# PROBLEM
From top to bottom, write out the listing exactly and skip every picture.

# STORED DATA

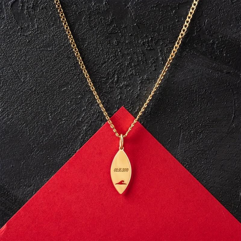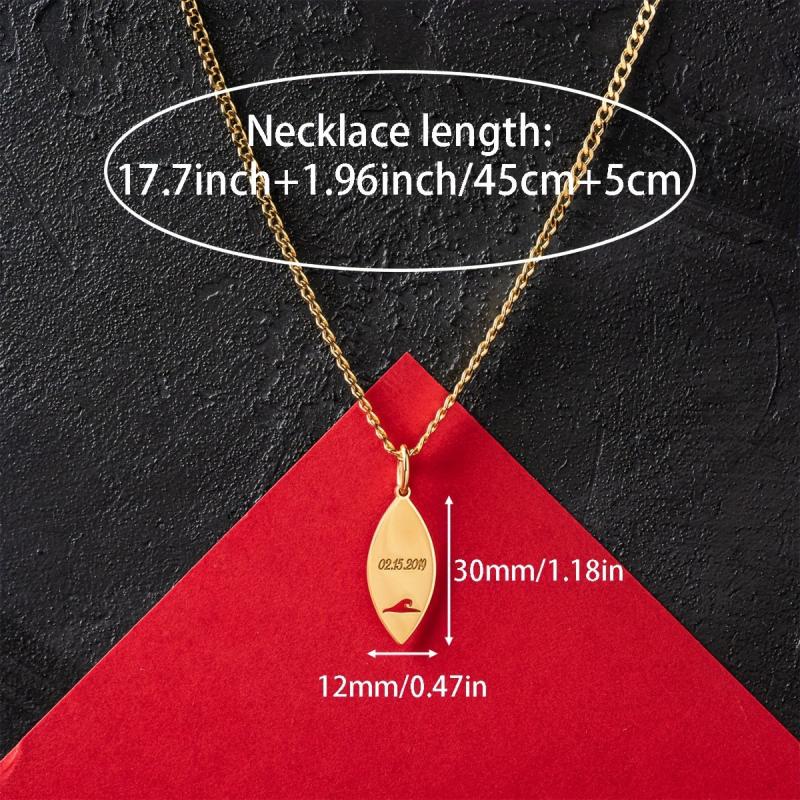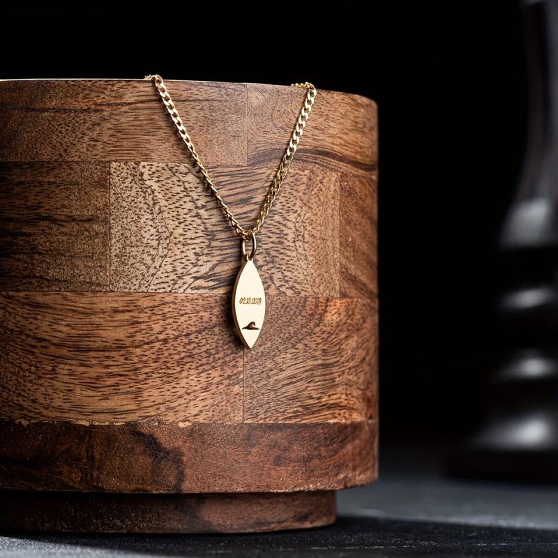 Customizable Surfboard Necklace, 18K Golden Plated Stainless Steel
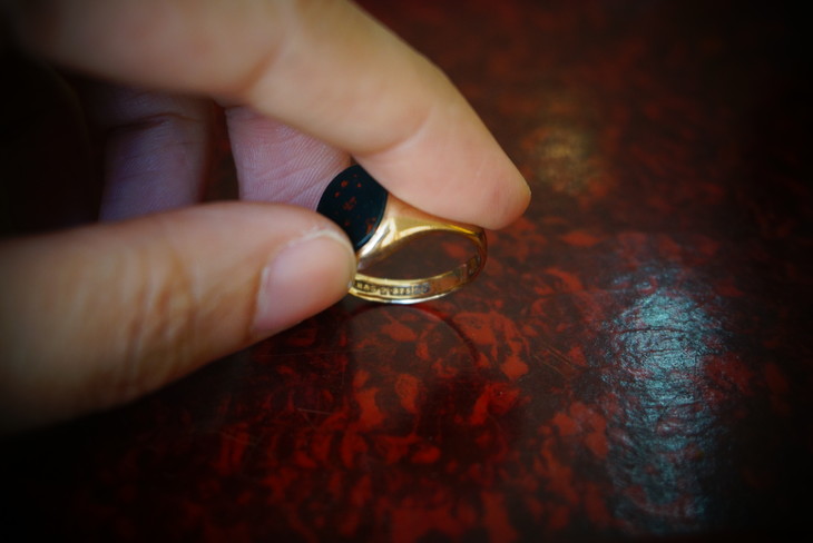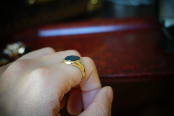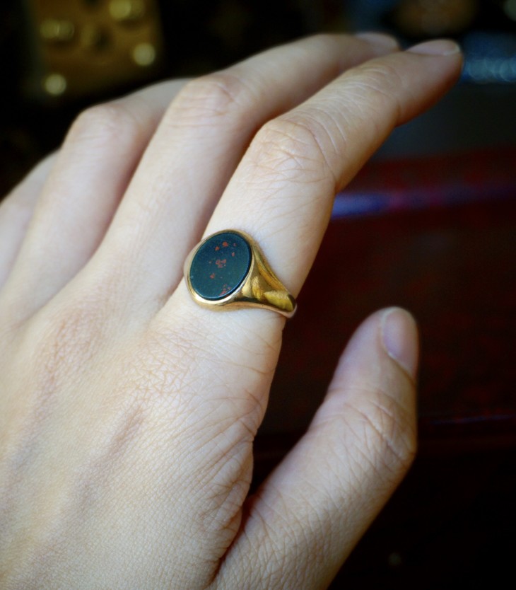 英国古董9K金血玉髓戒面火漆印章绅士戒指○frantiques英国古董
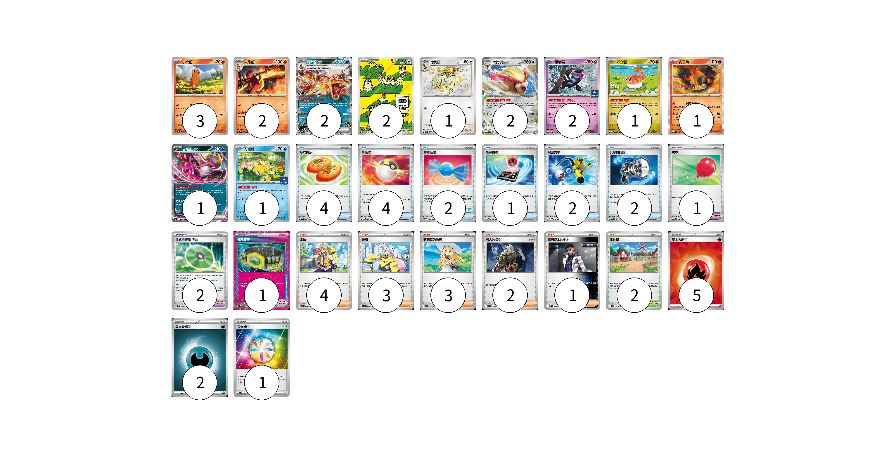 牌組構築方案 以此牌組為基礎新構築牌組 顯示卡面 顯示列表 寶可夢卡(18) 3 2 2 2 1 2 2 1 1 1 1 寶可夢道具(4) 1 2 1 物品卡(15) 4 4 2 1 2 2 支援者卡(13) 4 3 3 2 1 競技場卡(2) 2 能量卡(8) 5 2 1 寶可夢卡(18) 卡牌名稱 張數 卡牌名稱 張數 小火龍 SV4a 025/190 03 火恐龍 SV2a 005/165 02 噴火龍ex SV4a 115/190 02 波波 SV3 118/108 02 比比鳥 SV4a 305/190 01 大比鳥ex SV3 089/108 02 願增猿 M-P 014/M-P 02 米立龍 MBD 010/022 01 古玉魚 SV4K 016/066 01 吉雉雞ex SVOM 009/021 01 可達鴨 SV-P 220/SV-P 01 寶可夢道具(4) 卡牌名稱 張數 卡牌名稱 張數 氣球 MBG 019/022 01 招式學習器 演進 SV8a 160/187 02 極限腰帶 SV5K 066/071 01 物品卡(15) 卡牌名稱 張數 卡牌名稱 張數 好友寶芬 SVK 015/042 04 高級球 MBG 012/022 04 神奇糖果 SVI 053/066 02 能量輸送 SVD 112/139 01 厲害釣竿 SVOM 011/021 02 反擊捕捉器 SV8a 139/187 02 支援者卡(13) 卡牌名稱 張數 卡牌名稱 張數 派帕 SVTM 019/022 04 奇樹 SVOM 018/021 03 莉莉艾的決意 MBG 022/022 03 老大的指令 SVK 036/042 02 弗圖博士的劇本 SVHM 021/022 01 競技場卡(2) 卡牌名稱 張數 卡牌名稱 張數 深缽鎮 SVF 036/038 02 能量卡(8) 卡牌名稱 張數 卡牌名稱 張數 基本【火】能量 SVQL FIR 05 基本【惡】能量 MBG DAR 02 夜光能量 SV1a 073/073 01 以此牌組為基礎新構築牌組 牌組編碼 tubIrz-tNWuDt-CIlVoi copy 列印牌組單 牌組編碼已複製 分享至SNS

# EXPECTED ANSWER
 Customizable Surfboard Necklace, 18K Golden Plated Stainless Steel
 英国古董9K金血玉髓戒面火漆印章绅士戒指○frantiques英国古董
 牌組構築方案 以此牌組為基礎新構築牌組 顯示卡面 顯示列表 寶可夢卡(18) 3 2 2 2 1 2 2 1 1 1 1 寶可夢道具(4) 1 2 1 物品卡(15) 4 4 2 1 2 2 支援者卡(13) 4 3 3 2 1 競技場卡(2) 2 能量卡(8) 5 2 1 寶可夢卡(18) 卡牌名稱 張數 卡牌名稱 張數 小火龍 SV4a 025/190 03 火恐龍 SV2a 005/165 02 噴火龍ex SV4a 115/190 02 波波 SV3 118/108 02 比比鳥 SV4a 305/190 01 大比鳥ex SV3 089/108 02 願增猿 M-P 014/M-P 02 米立龍 MBD 010/022 01 古玉魚 SV4K 016/066 01 吉雉雞ex SVOM 009/021 01 可達鴨 SV-P 220/SV-P 01 寶可夢道具(4) 卡牌名稱 張數 卡牌名稱 張數 氣球 MBG 019/022 01 招式學習器 演進 SV8a 160/187 02 極限腰帶 SV5K 066/071 01 物品卡(15) 卡牌名稱 張數 卡牌名稱 張數 好友寶芬 SVK 015/042 04 高級球 MBG 012/022 04 神奇糖果 SVI 053/066 02 能量輸送 SVD 112/139 01 厲害釣竿 SVOM 011/021 02 反擊捕捉器 SV8a 139/187 02 支援者卡(13) 卡牌名稱 張數 卡牌名稱 張數 派帕 SVTM 019/022 04 奇樹 SVOM 018/021 03 莉莉艾的決意 MBG 022/022 03 老大的指令 SVK 036/042 02 弗圖博士的劇本 SVHM 021/022 01 競技場卡(2) 卡牌名稱 張數 卡牌名稱 張數 深缽鎮 SVF 036/038 02 能量卡(8) 卡牌名稱 張數 卡牌名稱 張數 基本【火】能量 SVQL FIR 05 基本【惡】能量 MBG DAR 02 夜光能量 SV1a 073/073 01 以此牌組為基礎新構築牌組 牌組編碼 tubIrz-tNWuDt-CIlVoi copy 列印牌組單 牌組編碼已複製 分享至SNS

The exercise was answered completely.